Limit one pumpkin per person. Save the ve-ge-ta-bles. _*Keep your pumpkin art PG-13!*_

*The Deadline:*
Pumpkins must be submit _*NO LATER THAN *_midnight Greenwich Mean Time, October 28th! Winners will be announced October 31st.

*1st Place:*
A Radical 1980's Candy Gift Box ($30 value)
Ninja and Pirate Rubber Ducky ($10 value)

*2nd Place:*
A Fresh and Funkalicious 1970's Candy Gift Box ($30 Value)
Pirate Rubber Ducky ($5 value)

*3rd Place:*
A Groovy 1960's Candy Gift Box ($30 value)
Ninja Rubber Ducky ($5 value)

*4th, 5th Place:*
One random color "Obey the Ferrox!" t-shirt! ($15 value)

*Who did that great Vampire Fender art?*
That would be Hanazawa on the lead with Arrowtibbs assisting.

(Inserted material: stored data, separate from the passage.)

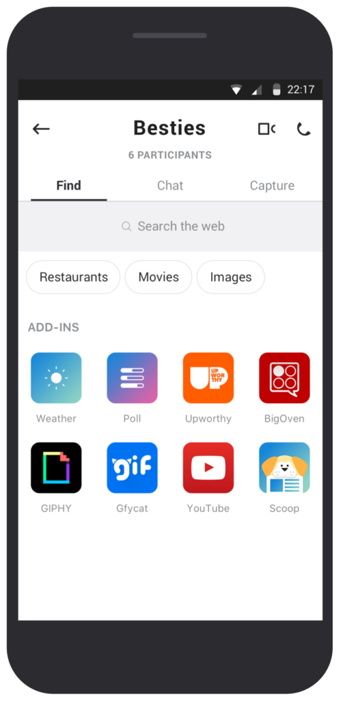 Ещё одним нововведением станет вкладка Find в чатах. На ней можно будет искать информацию с помощью Bing и добавлять ботов в конференцию.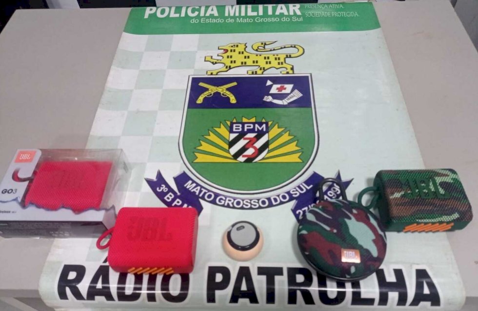 O ladrão havia levado quatro caixas de som JBL e uma caixa de som de outra marca e modelo.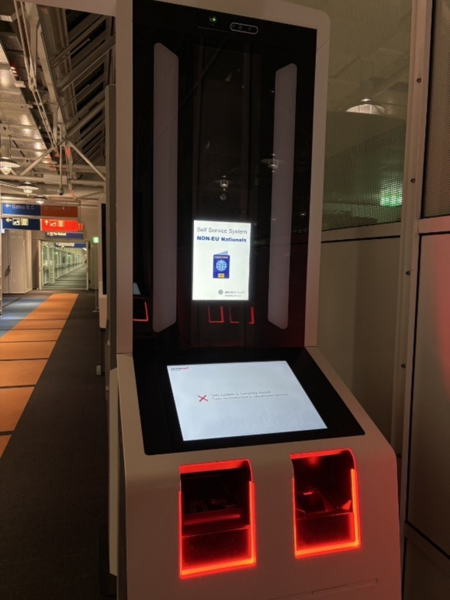 ↓写真のような機械で出国審査が可能にみえる機会もあったが使用不可となっていたので利用な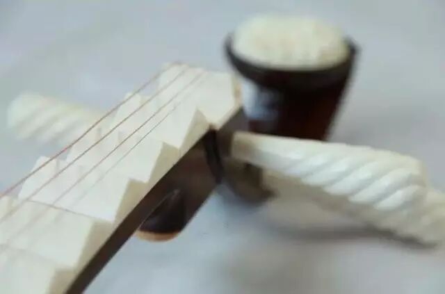 覆手的材料现在都用竹质的,过去也有用象牙牛角、红木、紫檀木等材料的。 覆手的上口的厚度要稍薄一些,缠弦侧可稍厚些,子弦侧宜稍薄些。覆手的子弦左侧开的槽不要太窄,太窄会在换装弦线时让子弦过不去,也就失去开槽的目的了。同时子弦左侧开的槽线的底部有倒角。

*Who did the banner art for the ad?*
Why, that would be Alchera!

Prizes donated to the contest via the Dragoneer.


----------



## pikachu_electricmouse (Sep 30, 2008)

*Re: The Great Pumpkin Massacre '08 Contest*

Done!  







Boy that was easy. ;-)


----------



## JamestheDoc (Sep 30, 2008)

*Re: The Great Pumpkin Massacre '08 Contest*

Wow, retro 80's candy giftbox?  Totally rad! :3


----------



## Dragoneer (Sep 30, 2008)

*Re: The Great Pumpkin Massacre '08 Contest*



JamestheDoc said:


> Wow, retro 80's candy giftbox?  Totally rad! :3


Eh, I felt it was appropriate given the holiday. =P


----------



## pikachu_electricmouse (Sep 30, 2008)

*Re: The Great Pumpkin Massacre '08 Contest*

He's sayin it's wicked righteous dude!


----------



## firekat (Oct 1, 2008)

*Re: The Great Pumpkin Massacre '08 Contest*

Do the carvings have to be PG-13?


----------



## Dragoneer (Oct 1, 2008)

*Re: The Great Pumpkin Massacre '08 Contest*



firekat said:


> Do the carvings have to be PG-13?


As it says in the rules... yep!


----------



## Silver R. Wolfe (Oct 1, 2008)

*Re: The Great Pumpkin Massacre '08 Contest*

This is where I wish I had super pumpkin carving skills.


----------



## LonelyFox (Oct 1, 2008)

*Re: The Great Pumpkin Massacre '08 Contest*

Umm if i do enter, and get 1st-3rd place, instead of candy and stuff can I get a ferrox tee?

I have ALWAYS wanted one 


oh and is there an age limit on who can enter?


----------



## Dragoneer (Oct 1, 2008)

*Re: The Great Pumpkin Massacre '08 Contest*



LonelyFox said:


> Umm if i do enter, and get 1st-3rd place, instead of candy and stuff can I get a ferrox tee?
> 
> I have ALWAYS wanted one


Oh yeah, we can totally hook that up. 



> oh and is there an age limit on who can enter?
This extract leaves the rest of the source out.